(Prompt): Retype, please, the listing from its opening line through the line that contains "VEVOR Professional Brake", both included, without the pictures.

*** The data Section Begins ***

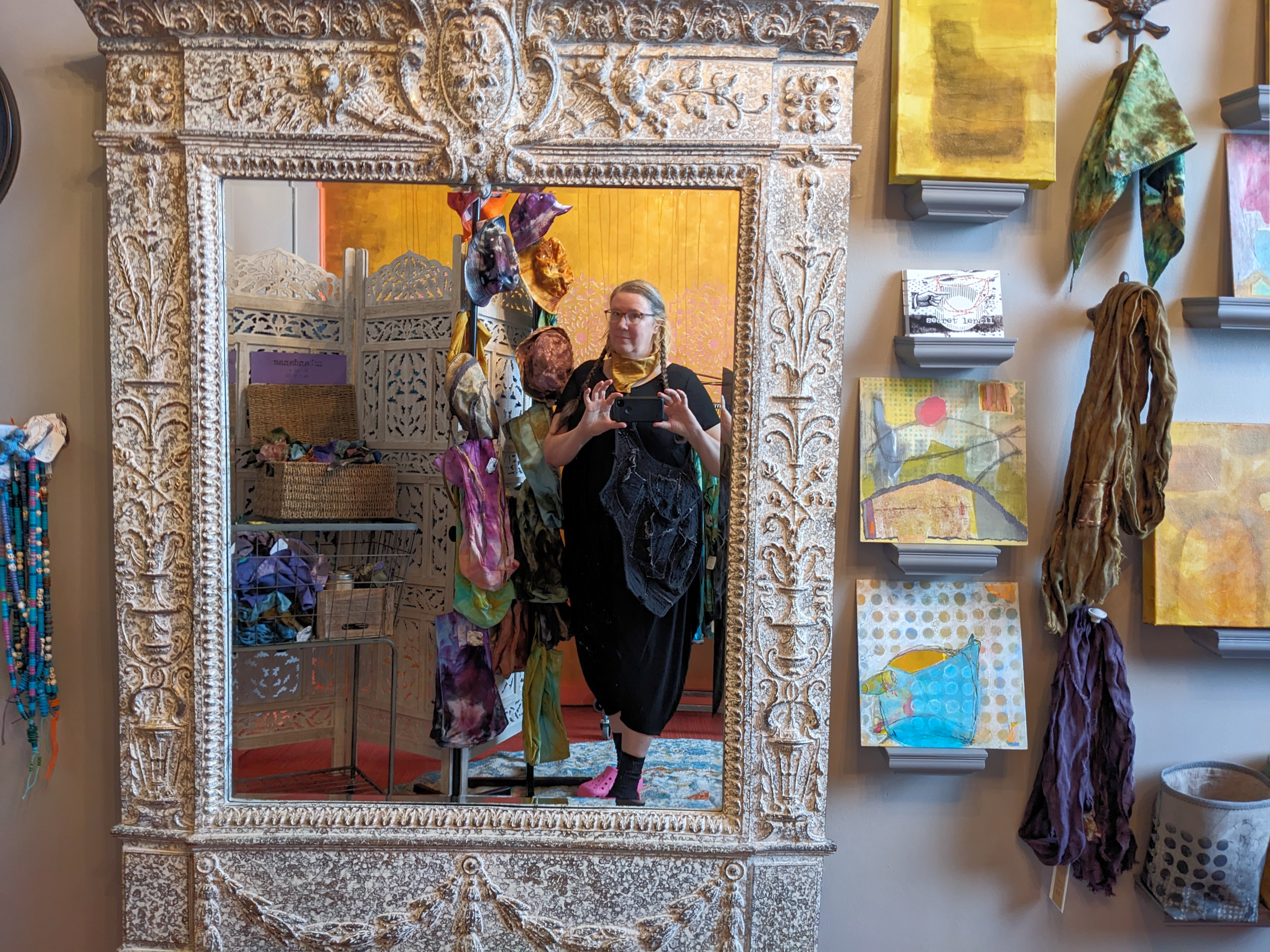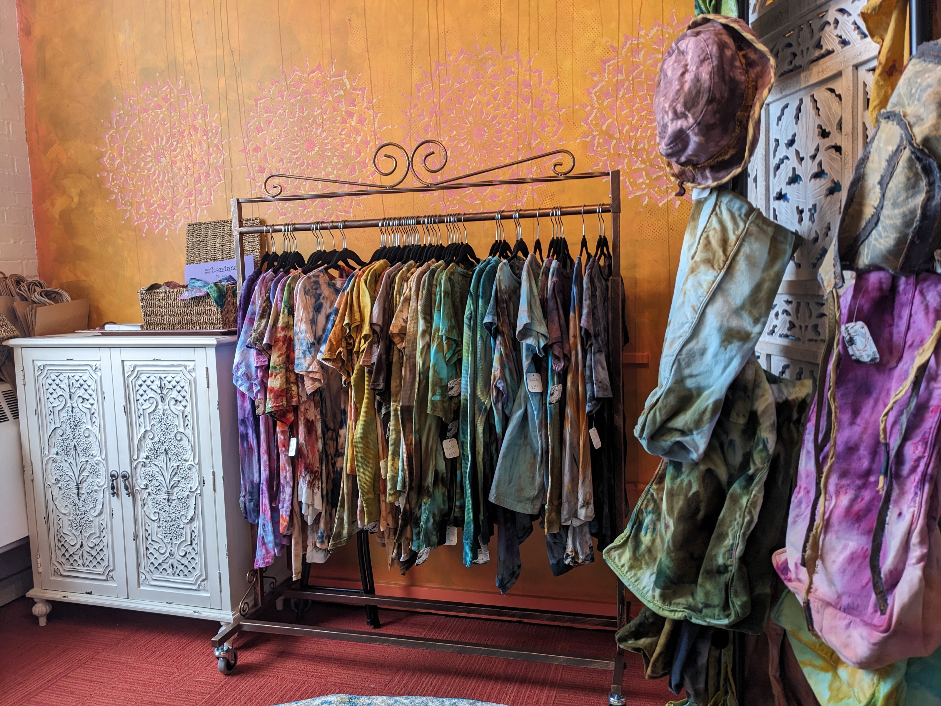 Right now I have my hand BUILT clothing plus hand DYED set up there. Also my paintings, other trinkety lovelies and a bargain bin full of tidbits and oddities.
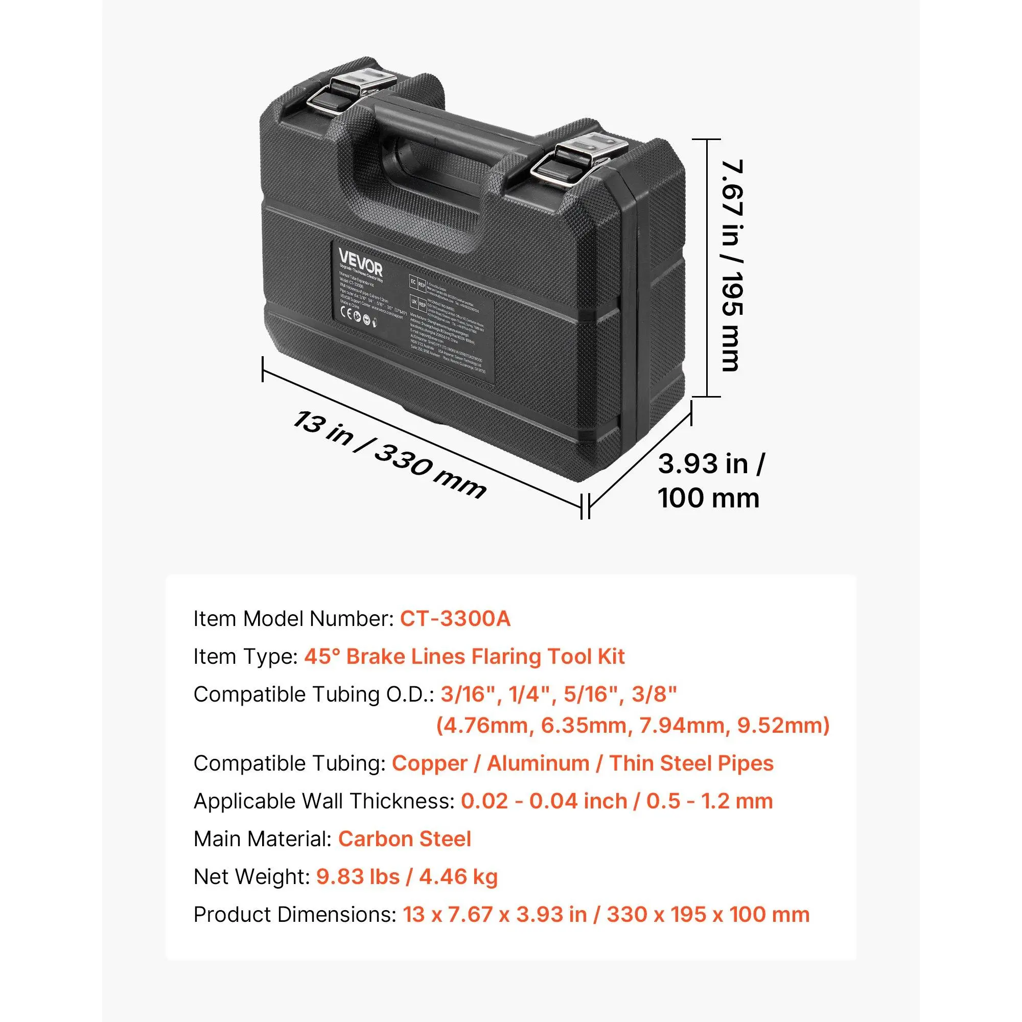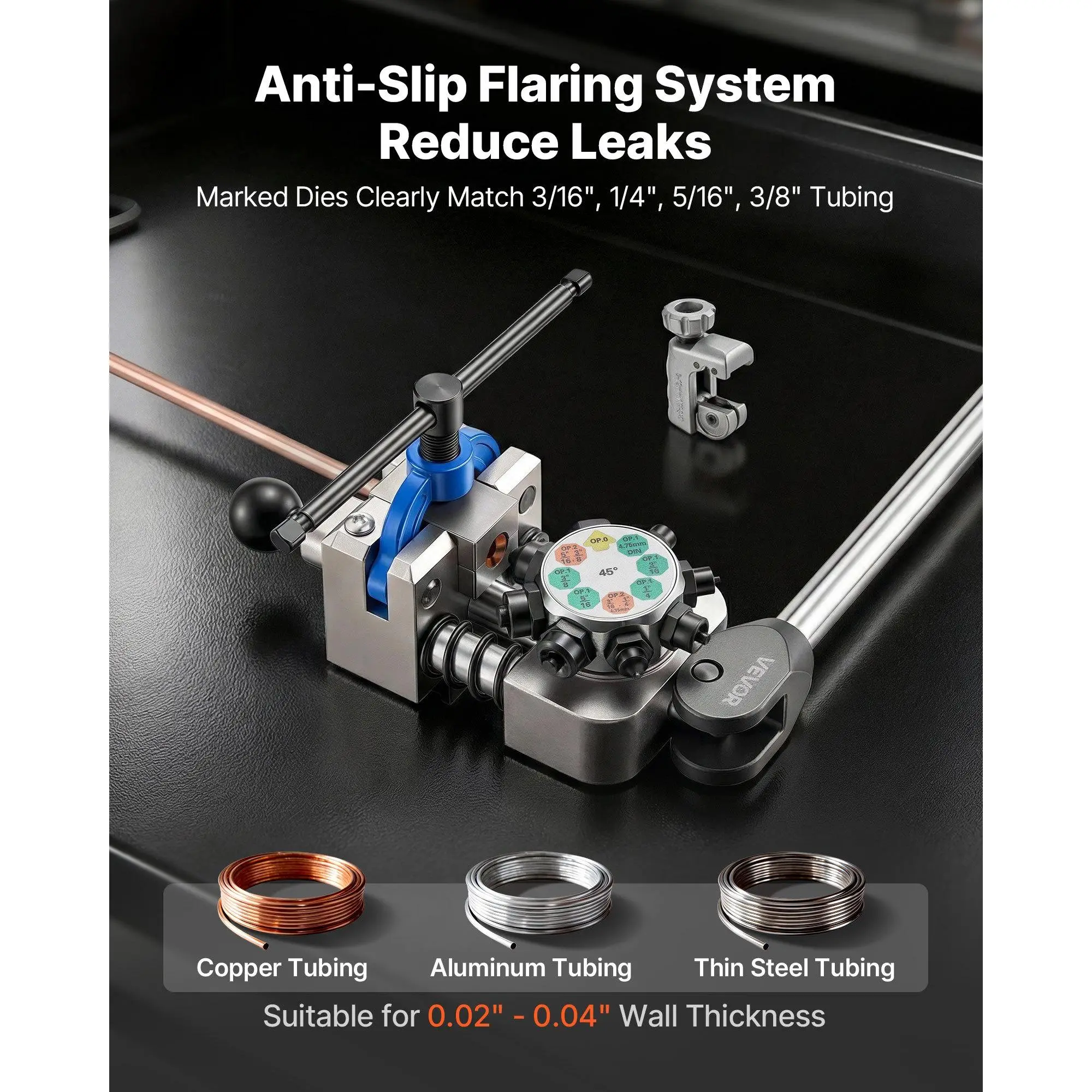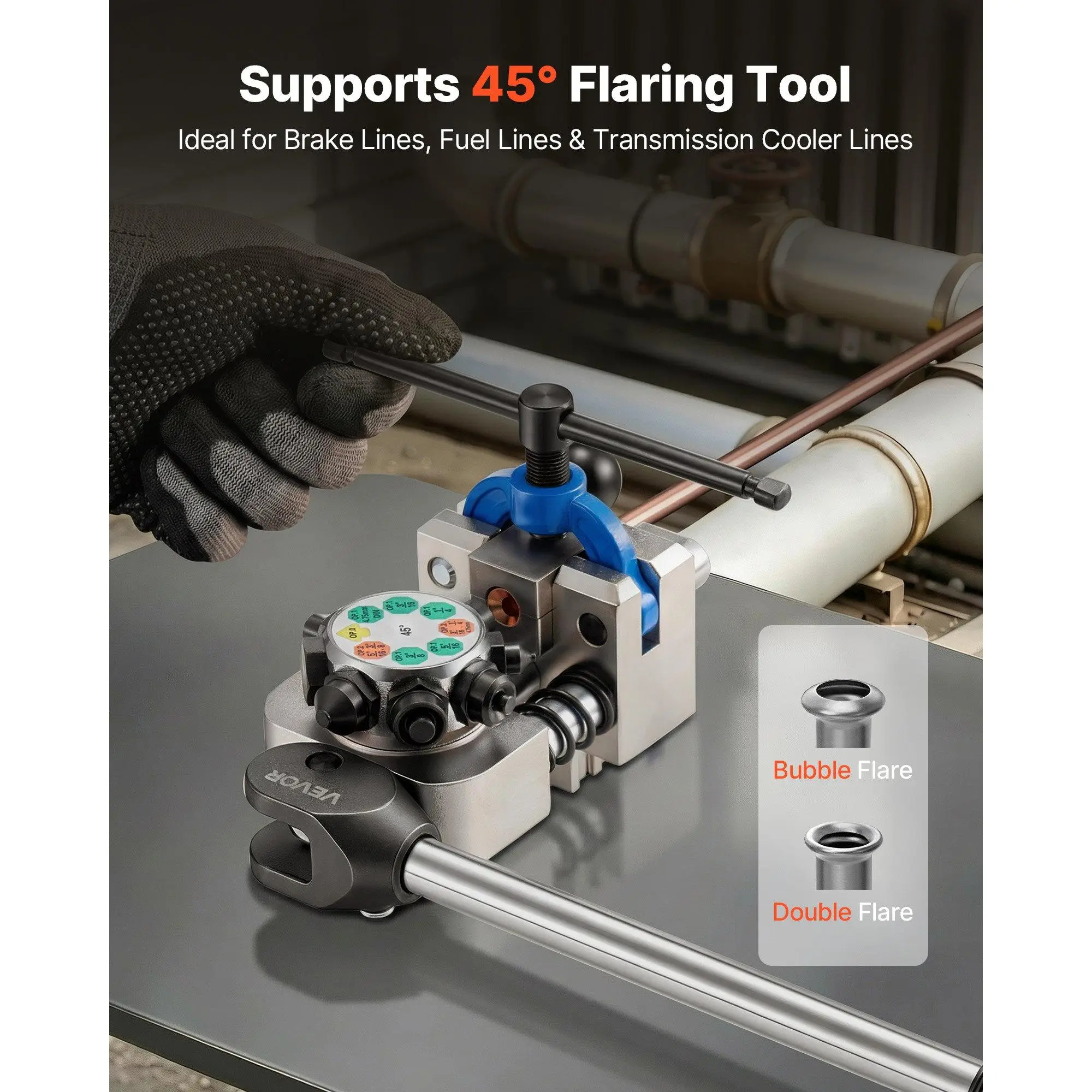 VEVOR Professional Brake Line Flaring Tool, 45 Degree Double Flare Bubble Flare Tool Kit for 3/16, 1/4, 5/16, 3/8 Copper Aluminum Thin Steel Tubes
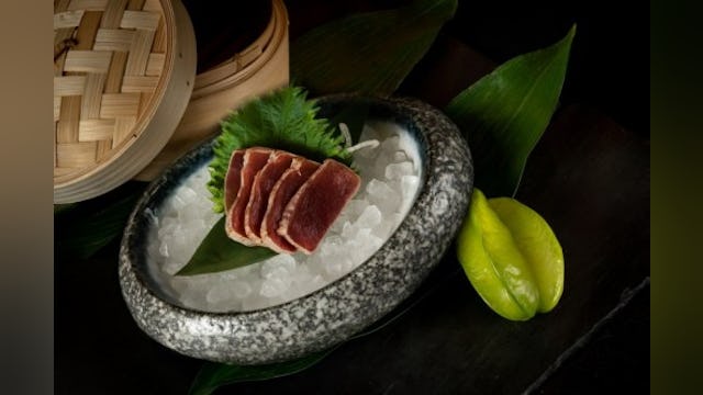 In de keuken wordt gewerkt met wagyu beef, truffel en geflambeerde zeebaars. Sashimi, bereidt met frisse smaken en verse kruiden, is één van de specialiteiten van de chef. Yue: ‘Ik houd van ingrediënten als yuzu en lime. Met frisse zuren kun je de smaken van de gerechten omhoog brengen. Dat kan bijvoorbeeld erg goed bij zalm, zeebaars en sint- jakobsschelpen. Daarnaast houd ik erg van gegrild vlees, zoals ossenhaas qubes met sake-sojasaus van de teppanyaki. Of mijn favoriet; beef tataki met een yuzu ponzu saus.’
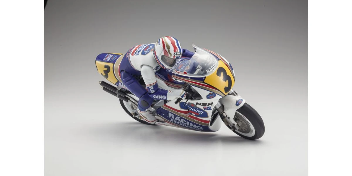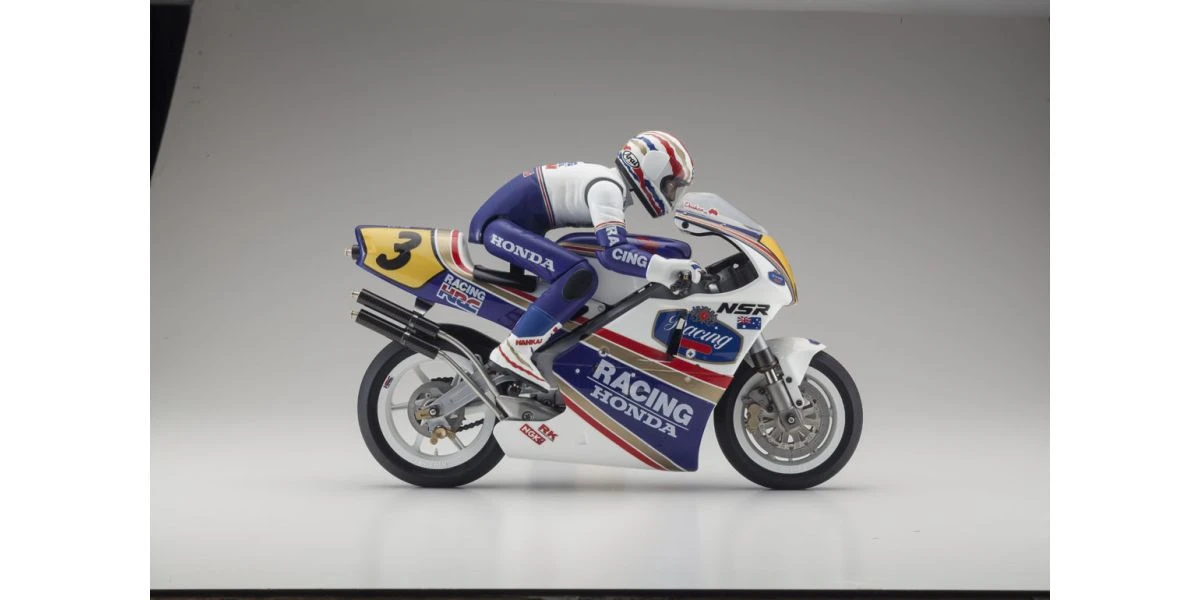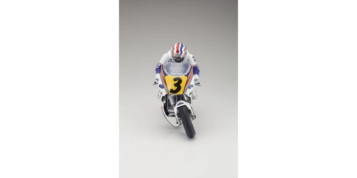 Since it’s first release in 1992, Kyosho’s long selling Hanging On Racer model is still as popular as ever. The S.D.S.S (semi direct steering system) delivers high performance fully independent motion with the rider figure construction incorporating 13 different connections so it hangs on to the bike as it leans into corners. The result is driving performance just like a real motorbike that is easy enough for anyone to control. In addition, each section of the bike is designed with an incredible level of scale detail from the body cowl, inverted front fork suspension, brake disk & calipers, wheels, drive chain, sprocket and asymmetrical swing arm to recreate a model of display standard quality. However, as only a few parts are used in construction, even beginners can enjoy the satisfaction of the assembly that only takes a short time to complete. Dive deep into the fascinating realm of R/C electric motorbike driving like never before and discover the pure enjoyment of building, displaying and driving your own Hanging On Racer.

*** The data Section Ends ***

(Expected answer):
 Right now I have my hand BUILT clothing plus hand DYED set up there. Also my paintings, other trinkety lovelies and a bargain bin full of tidbits and oddities.
 VEVOR Professional Brake Line Flaring Tool, 45 Degree Double Flare Bubble Flare Tool Kit for 3/16, 1/4, 5/16, 3/8 Copper Aluminum Thin Steel Tubes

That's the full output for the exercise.